● **DATA**
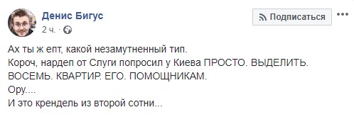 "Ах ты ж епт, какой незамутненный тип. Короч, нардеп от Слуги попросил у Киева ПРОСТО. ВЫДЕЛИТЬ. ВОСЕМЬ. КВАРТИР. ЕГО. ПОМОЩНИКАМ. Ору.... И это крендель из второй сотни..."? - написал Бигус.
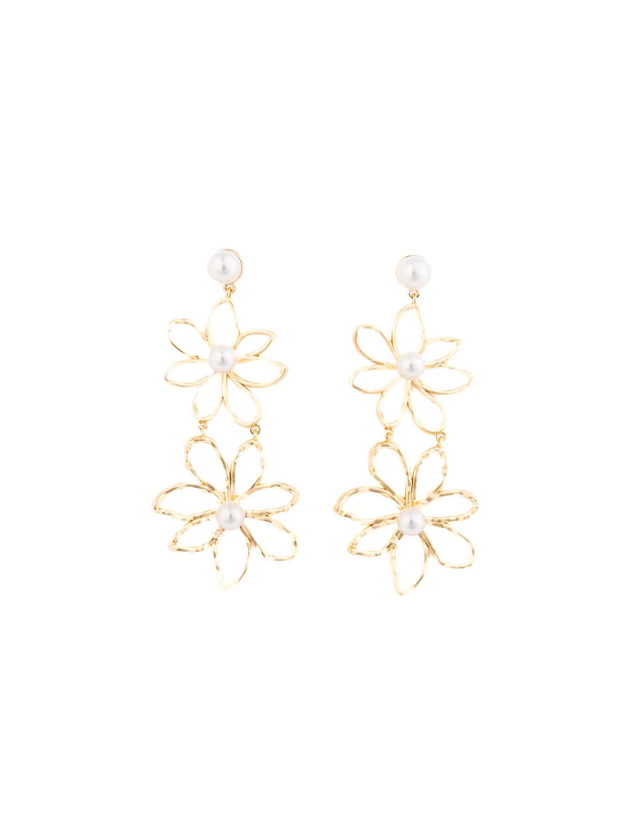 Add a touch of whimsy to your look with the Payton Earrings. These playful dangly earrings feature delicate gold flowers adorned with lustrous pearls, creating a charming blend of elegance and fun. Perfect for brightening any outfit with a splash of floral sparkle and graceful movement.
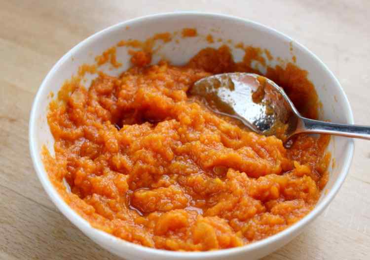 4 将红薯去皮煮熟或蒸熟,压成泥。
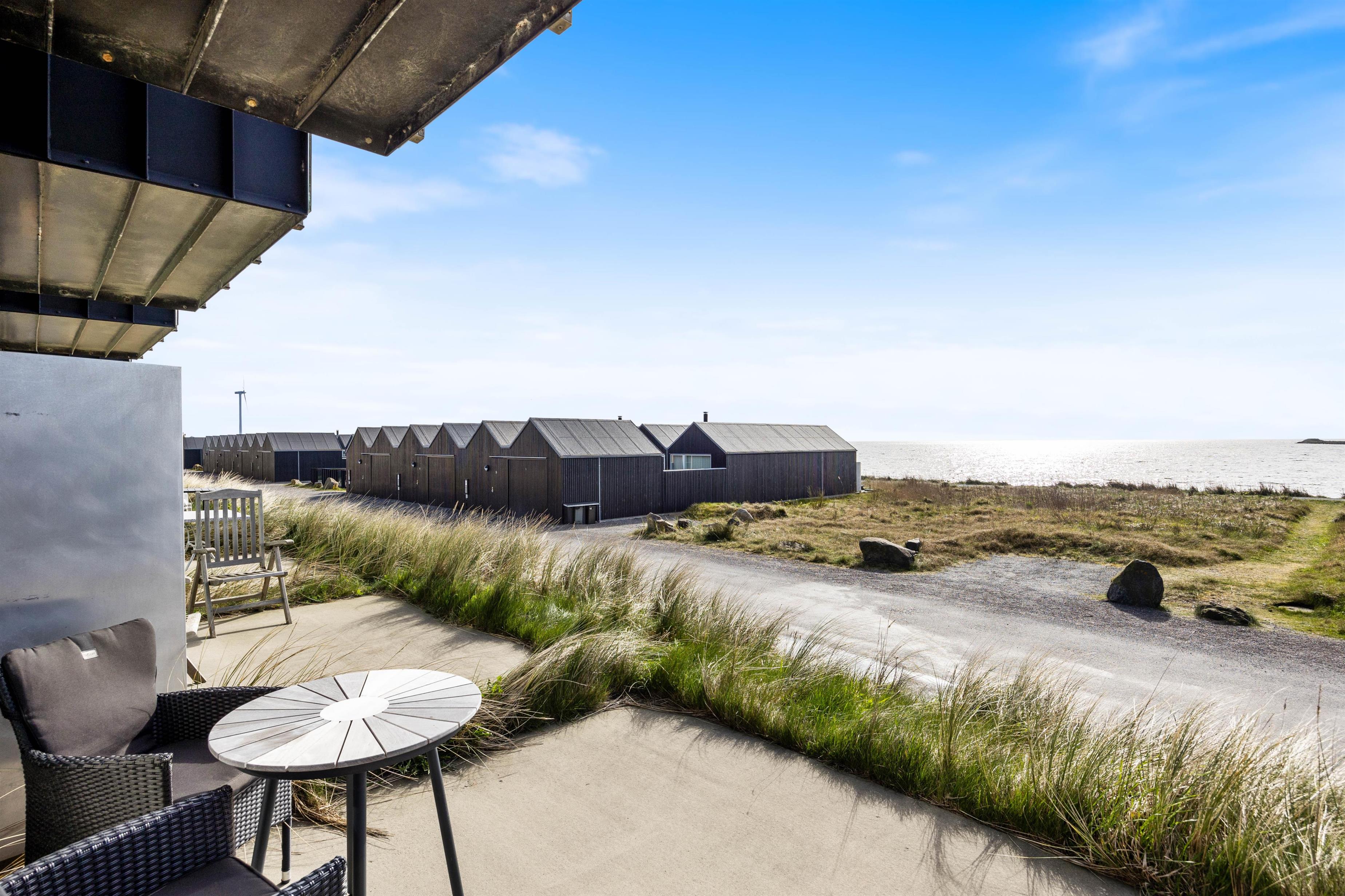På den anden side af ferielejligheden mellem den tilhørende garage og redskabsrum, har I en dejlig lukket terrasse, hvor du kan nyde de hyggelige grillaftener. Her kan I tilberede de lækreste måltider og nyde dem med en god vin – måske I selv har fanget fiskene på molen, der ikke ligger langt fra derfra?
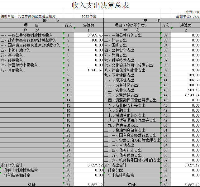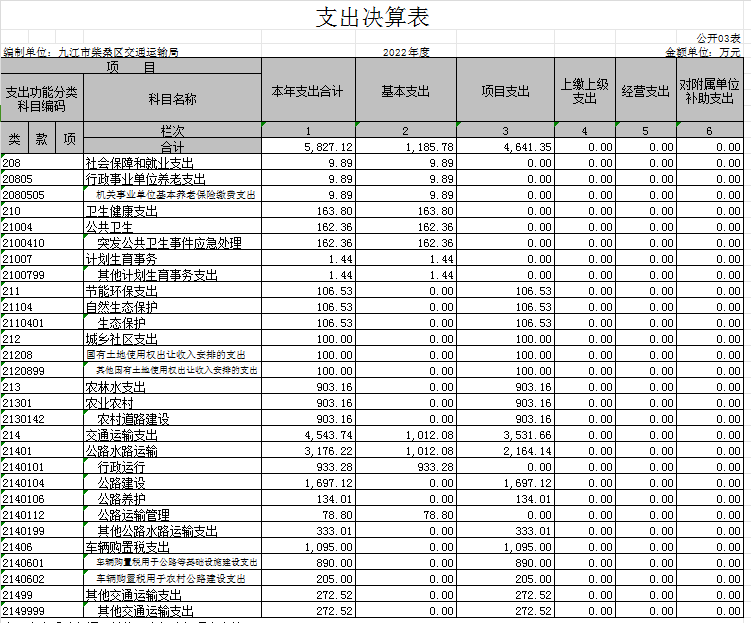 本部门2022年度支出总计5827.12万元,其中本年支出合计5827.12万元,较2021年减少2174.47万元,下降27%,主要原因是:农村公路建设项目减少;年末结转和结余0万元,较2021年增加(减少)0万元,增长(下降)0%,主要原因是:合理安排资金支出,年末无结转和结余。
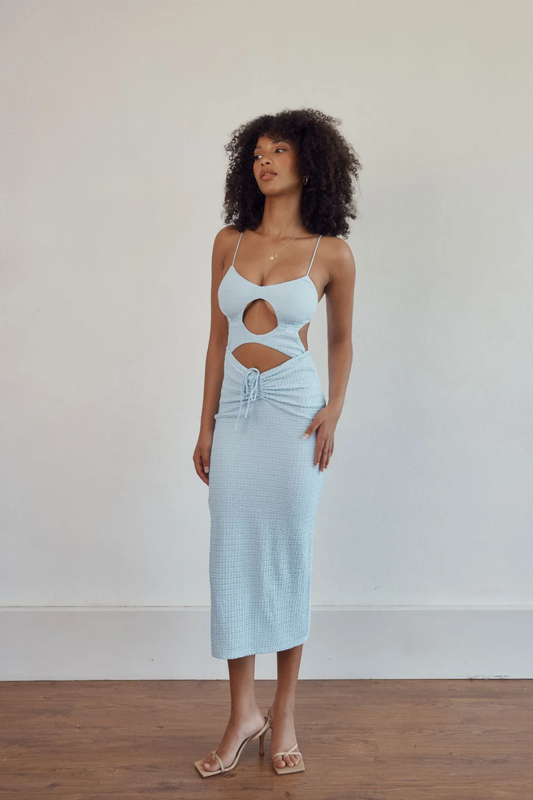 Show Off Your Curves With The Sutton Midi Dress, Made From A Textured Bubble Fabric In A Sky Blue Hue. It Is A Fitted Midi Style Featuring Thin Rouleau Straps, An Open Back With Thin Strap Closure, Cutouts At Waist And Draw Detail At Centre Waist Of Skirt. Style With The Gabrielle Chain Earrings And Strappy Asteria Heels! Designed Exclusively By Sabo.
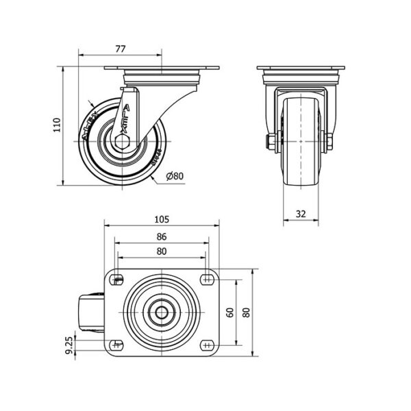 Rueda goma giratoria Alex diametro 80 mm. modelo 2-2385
...
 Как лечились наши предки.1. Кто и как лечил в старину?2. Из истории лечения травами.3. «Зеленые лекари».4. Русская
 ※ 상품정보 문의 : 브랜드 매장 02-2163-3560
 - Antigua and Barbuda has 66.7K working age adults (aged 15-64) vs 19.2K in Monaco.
* * *
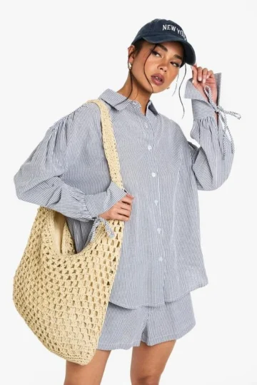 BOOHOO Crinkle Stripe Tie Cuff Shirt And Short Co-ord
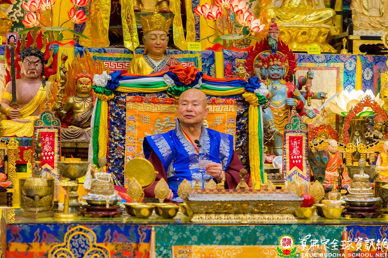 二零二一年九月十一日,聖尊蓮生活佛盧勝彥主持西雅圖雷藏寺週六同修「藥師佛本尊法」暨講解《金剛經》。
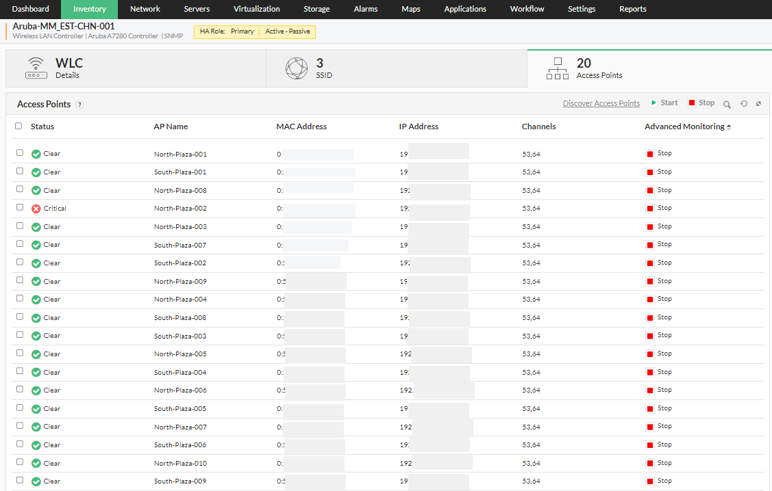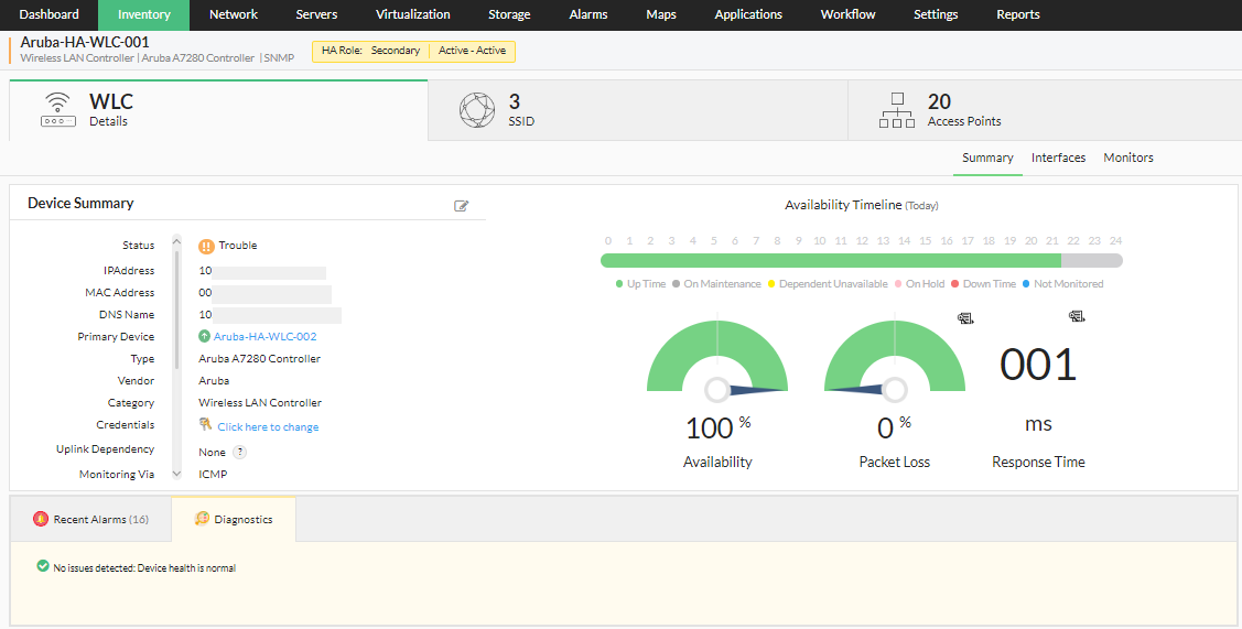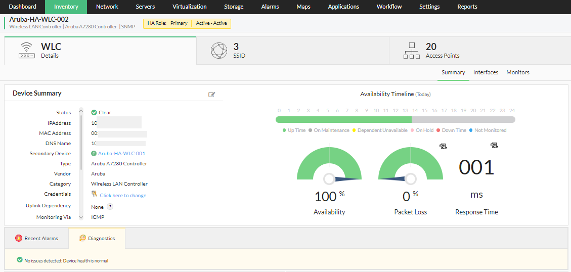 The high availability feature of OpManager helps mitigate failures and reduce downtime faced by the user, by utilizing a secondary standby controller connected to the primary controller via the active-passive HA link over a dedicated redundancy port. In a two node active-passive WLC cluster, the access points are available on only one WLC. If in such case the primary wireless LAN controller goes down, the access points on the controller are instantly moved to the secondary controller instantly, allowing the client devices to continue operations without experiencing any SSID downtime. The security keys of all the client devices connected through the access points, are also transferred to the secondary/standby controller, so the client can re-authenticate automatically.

● **PROBLEM DESCRIPTION**
Go to the line above holding "- написал Бигус.", then copy exactly each line down to and including the one holding "Rueda goma giratoria", leaving pictures out.

● **TASK RESULT**
 "Ах ты ж епт, какой незамутненный тип. Короч, нардеп от Слуги попросил у Киева ПРОСТО. ВЫДЕЛИТЬ. ВОСЕМЬ. КВАРТИР. ЕГО. ПОМОЩНИКАМ. Ору.... И это крендель из второй сотни..."? - написал Бигус.
 Add a touch of whimsy to your look with the Payton Earrings. These playful dangly earrings feature delicate gold flowers adorned with lustrous pearls, creating a charming blend of elegance and fun. Perfect for brightening any outfit with a splash of floral sparkle and graceful movement.
 4 将红薯去皮煮熟或蒸熟,压成泥。
På den anden side af ferielejligheden mellem den tilhørende garage og redskabsrum, har I en dejlig lukket terrasse, hvor du kan nyde de hyggelige grillaftener. Her kan I tilberede de lækreste måltider og nyde dem med en god vin – måske I selv har fanget fiskene på molen, der ikke ligger langt fra derfra?
 本部门2022年度支出总计5827.12万元,其中本年支出合计5827.12万元,较2021年减少2174.47万元,下降27%,主要原因是:农村公路建设项目减少;年末结转和结余0万元,较2021年增加(减少)0万元,增长(下降)0%,主要原因是:合理安排资金支出,年末无结转和结余。
 Show Off Your Curves With The Sutton Midi Dress, Made From A Textured Bubble Fabric In A Sky Blue Hue. It Is A Fitted Midi Style Featuring Thin Rouleau Straps, An Open Back With Thin Strap Closure, Cutouts At Waist And Draw Detail At Centre Waist Of Skirt. Style With The Gabrielle Chain Earrings And Strappy Asteria Heels! Designed Exclusively By Sabo.
 Rueda goma giratoria Alex diametro 80 mm. modelo 2-2385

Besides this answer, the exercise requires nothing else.